■ **What you have to do**: From the first line down to the one containing "Na podstawie Zarządzenia", reproduce the entries below exactly and leave out the pictures.

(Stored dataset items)
▼
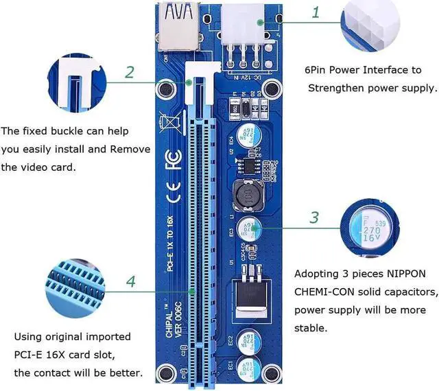 6. Compatible with 1x, 4x, 8x, 16x PCI-E slot of the motherboard.
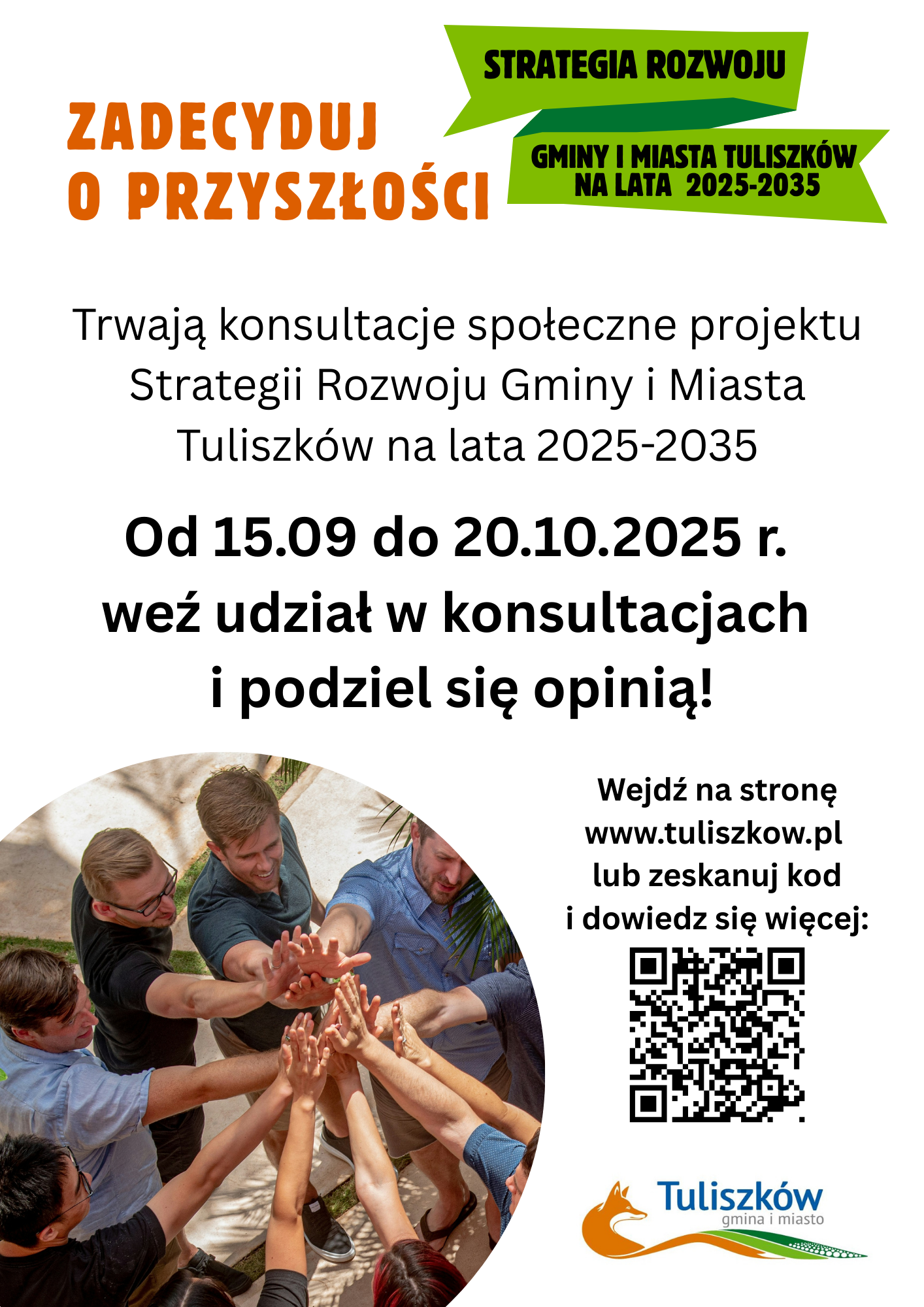 Na podstawie Zarządzenia nr 0050.93.2025 Burmistrza Gminy i Miasta Tuliszków z dnia 8 września 2025 r. informuję o rozpoczęciu konsultacji społecznych projektu Strategii Rozwoju Gminy i Miasta Tuliszków na lata 2025-2035.
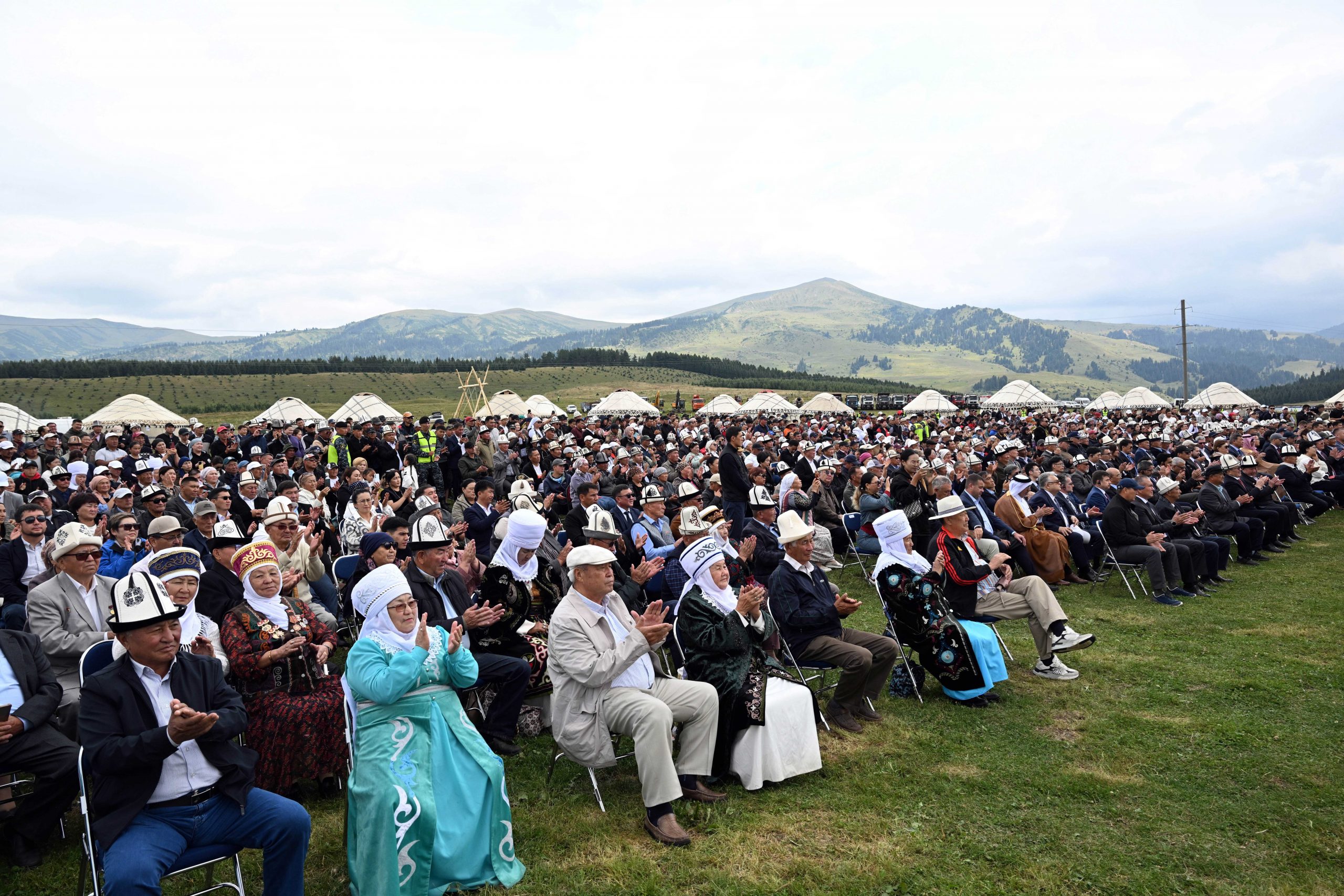 Kirgisistan ist geprägt von einer imposanten Berglandschaft und setzt auf nachhaltigen, modernen und gleichzeitig regional verankerten Tourismus – im Bild das Publikum beim offiziellen Startschuss für das neue Ski- und Ganzjahresresort. © President of the Kyrgyz Republic
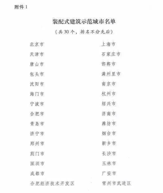 2017年(nian)11月(yue),住建(jian)部辦(ban)公廳(ting)公(gong)佈了(le)“第(di) 一(yi)批(pi)裝配式(shi)建(jian)築示(shi)範(fan)城(cheng)市(shi)咊産業基地”名(ming)單。
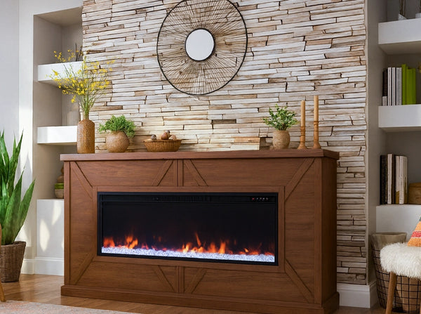 Multiple flame colors and brightness settings. Swap logs or fireglass.
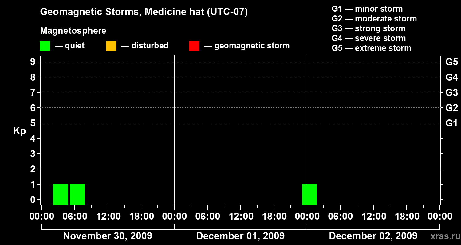 Geomagnetic storms in Medicine hat on Dec 02, 2009
▲
■ **Task output**:
 6. Compatible with 1x, 4x, 8x, 16x PCI-E slot of the motherboard.
 Na podstawie Zarządzenia nr 0050.93.2025 Burmistrza Gminy i Miasta Tuliszków z dnia 8 września 2025 r. informuję o rozpoczęciu konsultacji społecznych projektu Strategii Rozwoju Gminy i Miasta Tuliszków na lata 2025-2035.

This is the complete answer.